Florence travel guide

Vasari Corridor

The Medici in the sixteenth century, officially legitimized the power, will give a new face to the city. Between Piazza della Signoria and the Ponte Vecchio they commissioned Giorgio Vasari, Cosimo I's trusted architect, to build the Renaissance palazzo of the Uffizi (Offices), and Vasari was also the builder of the private passageway (Vasarian corridor) for the Medici family who bought the Pitti Palace and moved to Oltrarno, to live in a healthier area of the city with the much desired garden transformed into the splendid Italian garden of Boboli. Built in just five months on the occasion of the marriage of Francis I (son of Cosimo I) to Joan of Austria, the corridor offers, with its 73 windows, a unique view of the city of Florence.

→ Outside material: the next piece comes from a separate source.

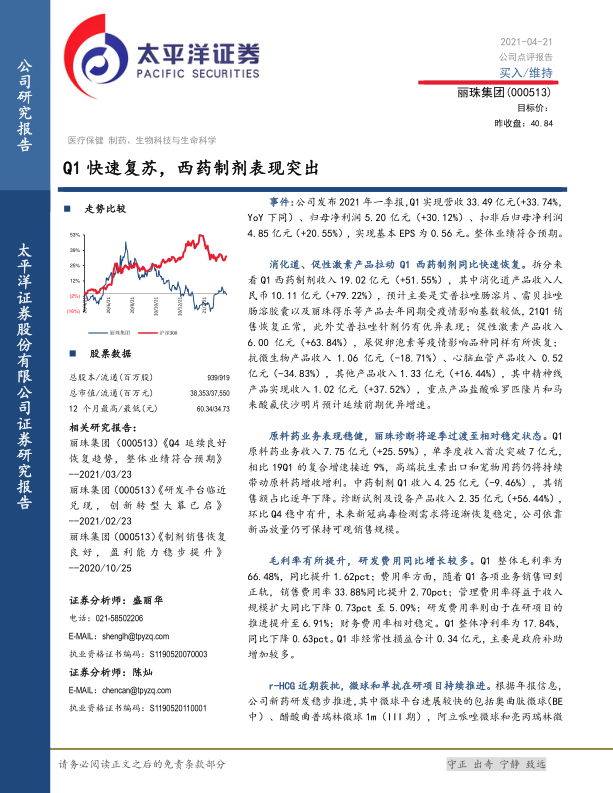 丽珠集团2021年第一季度业绩表现强劲,营收和归母净利润均实现显著增长,主要得益于西药制剂业务的快速复苏,特别是消化道和促性激素产品贡献突出。原料药和诊断业务也保持稳健增长。公司毛利率有所提升,研发投入持续增加以推进创新管线。微球和生物药平台多个在研项目进展顺利,有望在未来贡献新的增长点。基于公司稳健的经营表现和积极的研发进展,报告维持了“买入”评级,并预计未来几年营收和净利润将持续增长。同时,报告也提示了制剂产品降价、研发获批不及预期以及市场竞争加剧等潜在风险。

Starting from Palazzo Vecchio, with almost one kilometre of length, it crosses the Uffizi, passes over Ponte Vecchio, overlooks the church of Santa Felicita and continues until it enters the Boboli Gardens. A path to not be seen and be safe, once only for Grand Dukes, but that will reopen to the public in 2022 and will be visited by entering the Uffizi. The collection of paintings and self-portraits once in the Corridor are now admired in the new rooms of the Uffizi.